I have a complicated relationship with hunting. Several members of my family enjoy a good steak. My son-in-law gratefully replaced the brittle head on his African drum with a hide from my neighbor’s kill. In Africa, drummers use gazelle, shot, skinned and eaten with cultural and culinary purpose. Here in the Berkshires, my neighbors’ ancestors have been hunting on these lands for generations. So I need to examine my preconceptions about hunting.
The city me pictured hunters as rough men in pick-up trucks, gun rack visible in the rear window. In the country, most of my neighbors have pick-up trucks. None have visible gun racks, though many hunt.
Last season at the beginning of November, I decided that, for the bow and arrow season, I could walk in the forest with Lily, thinking that I would stay along the brook, where the trees are thick and deer hunting would be less likely. I had been assured that bow and arrow hunters need to be close to the deer to take a shot, and would not mistake Lily and me for a deer. I wore my hunter’s bright orange watch cap and strapped Lily into a blaze orange vest.

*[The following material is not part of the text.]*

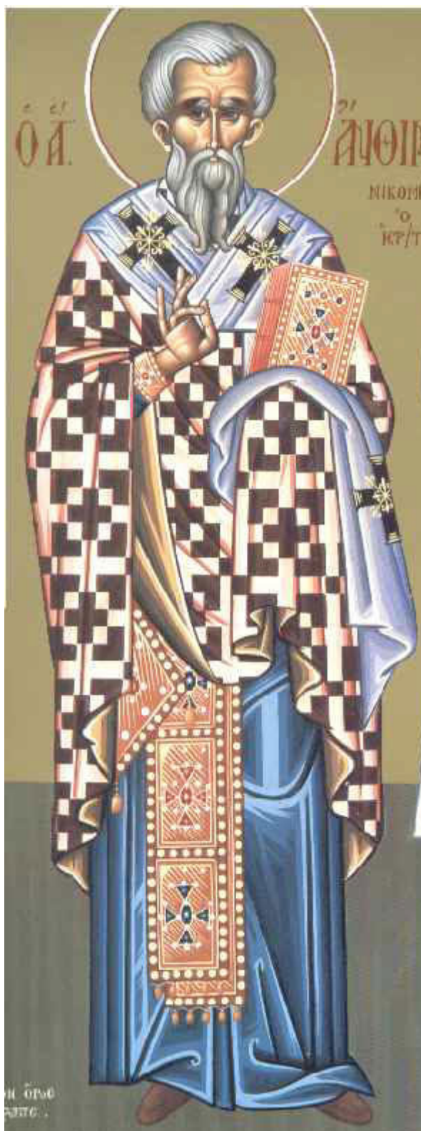
Άγιος Άνθιμος Ιερομάρτυρας επίσκοπος Νικομήδειας

About 7:30 in the morning, the day was crisp and sunny, yet in the woods, I felt a bit resentful. Here we were in the heart of late autumn, Lily snuffing and bounding, the darkened turkey tail fungi ringed with brilliant white edges, the brook swirling and tumbling with red and brown leaves. Yet all this was soon, and maybe even now, not safe for me. By January, when hunting would be over, winter would be fully here and the ground would be thick with snow too deep for Lily. It might be months before we could go back.
Ahead of me, farther down the brook, Lily started barking furiously. I saw something large and black bounding across the water and into the high grasses on the other side. What was this? A bear? A black deer? Are there black deer?
Lily wouldn’t stop barking. She faced the grasses and barked and barked while I scanned the terrain to see what she was barking at. Suddenly, a bearded man rose up from the grasses about 100 yards away. I was alone in the forest except for a 17-pound barking dog. My hair stood on end.
I could turn and flee, or I could wait and meet this man striding toward me, clad in black with hunting bows and arrows in a carrier by his side. I decided to stay and raised my arm in a wide wave. He waved back, reached the brook and waded over, like Poseidon emerging from the sea. We introduced ourselves. The fiancé of a neighbor’s daughter, he wanted to assure me of our safety when he realized that we had seen him.
Sometime after that encounter, toward the end of the bow and arrow season, I met my neighbor of the deer hide on another walk in the woods. He led me to his deer chair, which he ratchets up a tree beside a deer path through the forest. He told me how he enjoys spending hours in that chair, watching the life of the forest passing beneath and above him, including the occasional bobcat and, of course, the occasional deer.
This beloved neighbor has given us gifts of venison steak, which I prepare lovingly for the meat eaters in my family. Sometimes I will find a bag of hen of the woods mushrooms hanging on our front doorknob, treasure from the woods near the house where he grew up. I am thankful to this neighbor, both for the bounty that he so generously shares, and for enlarging my understanding and appreciation.